Re: [OPE] question re published letters Engels

From: Paul Cockshott <wpc@dcs.gla.ac.uk>
Date: Mon May 11 2009 - 05:06:09 EDT

howard engelskirchen wrote:
> Hi Paul,
>
> Okay for your usage on 'value form'. This makes it equivalent to value's
> manifestation in exchange, e.g. Tauschwert.
>
> But the social relation of value underlying this is a composite of activity
> and form -- the reciprocal relation of commodity producers with respect to
> the expenditure of their labors. Underlying that in turn is the social
> relation that provokes attention to value and this also is a composite of
> activity and form: the labor that produces commodities, ie products as
> bearers of value, is structured as a relation of independent producers
> producing for private exchange.
>
I agree that this is the condition of existence of commodities as
specified by Marx. It is also the condition of existence of commodities
assumed by Stalin in his Economic Problems. This has some basic truth in
it. So long as the USSR had a semi private peasant economy, food still
took the form of commodities and thus wages had to exist as well. But
this does not explain why an economy at a later stage of socialist
development : say CSSR or Bulgaria in the late 70s, would also have
money and the sale of products for money.
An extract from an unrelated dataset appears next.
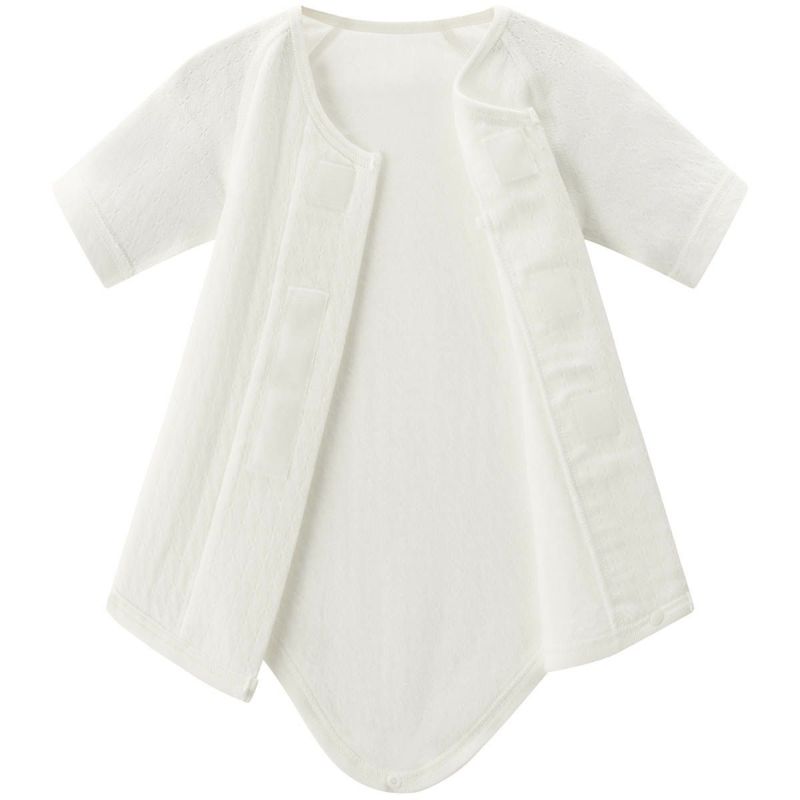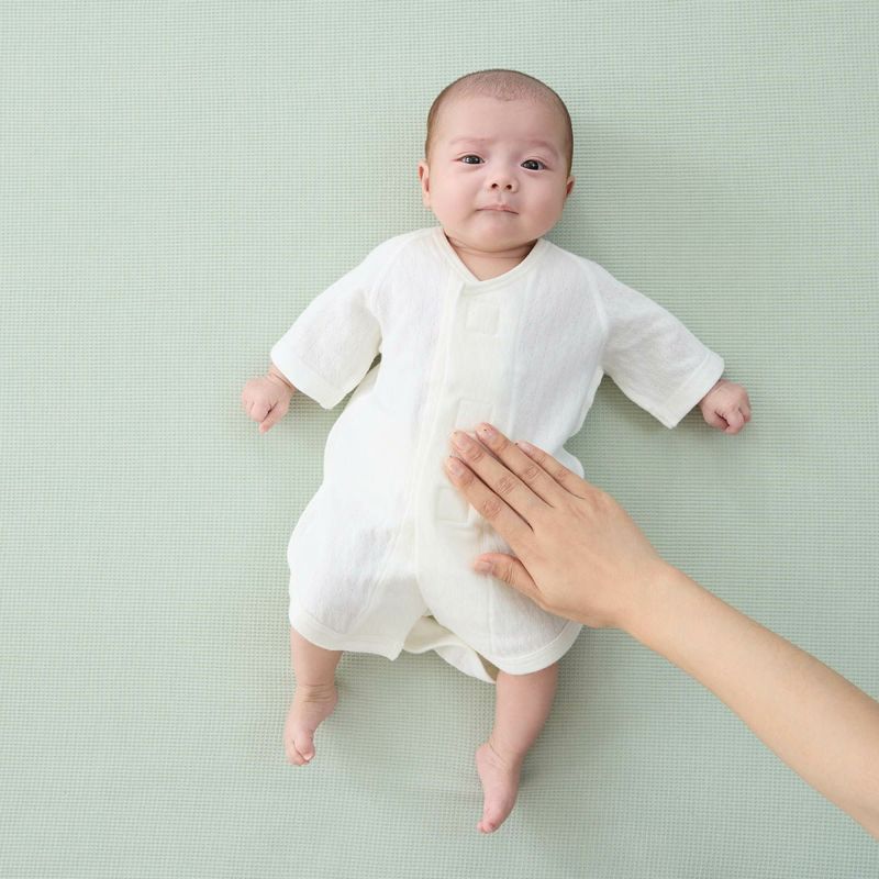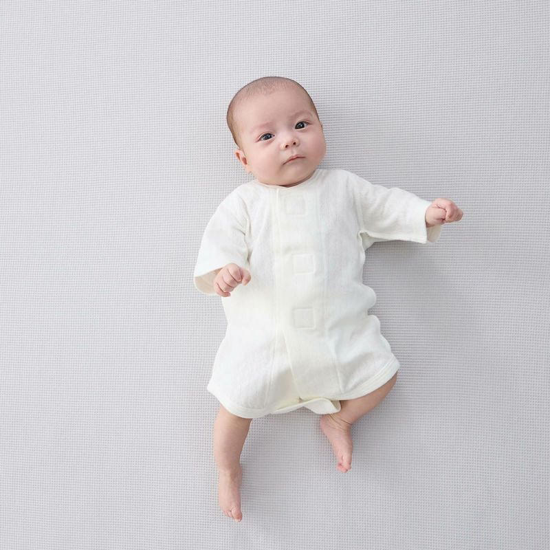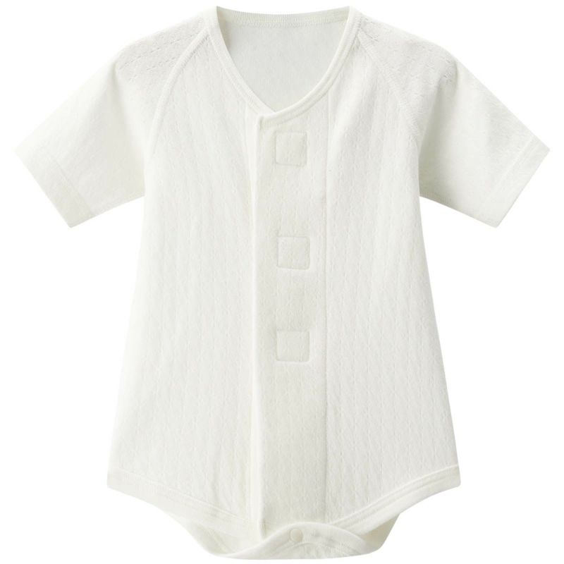 【仕様】人気のワンタッチ短肌着に新しい機能をプラス!股下ボタンで肌着のずりあがりを防止し、赤ちゃんのおなかを冷えから守ります。

What would be your explanation for this?
> I agree you still need to calculate labor expenditure, this is clear, but
> can you just take over the category of socially necessary labor time and
> give it naked application? Socially necessary labor time as we know it is
> determined by the production of surplus value, relative and absolute, and by
> competition among autonomous producers.
By determined here I assume you mean that the value of socially
necessary labour time is arrived at by these means.
But surely it also depends on the state of scientific knowledge and on
the existence of particular skills, and also on the existence of certain
means of production?
If you change the ownership structure of an economy very rapidly during
a revolution, these technical conditions abide.
This then raises two slightly different issues.

   1. How best can a non capitalist economy change the technical
      conditions of labour so that scientific knowledge both advances
      and gets effectively applied to production.
   2. How, given the existing state of technology do we determine the
      socially necessary time to produce let us say
          * 1 kilowatt hour of electricity
          * a particular microprocessor chip

In the first case the product is homogenous and is produced by multiple
sites, in the second case the product is highly specific and may be
produced at only one site.

Another point is whether when computing the socially necessary labour
time one should take the average or the marginal socially necessary time?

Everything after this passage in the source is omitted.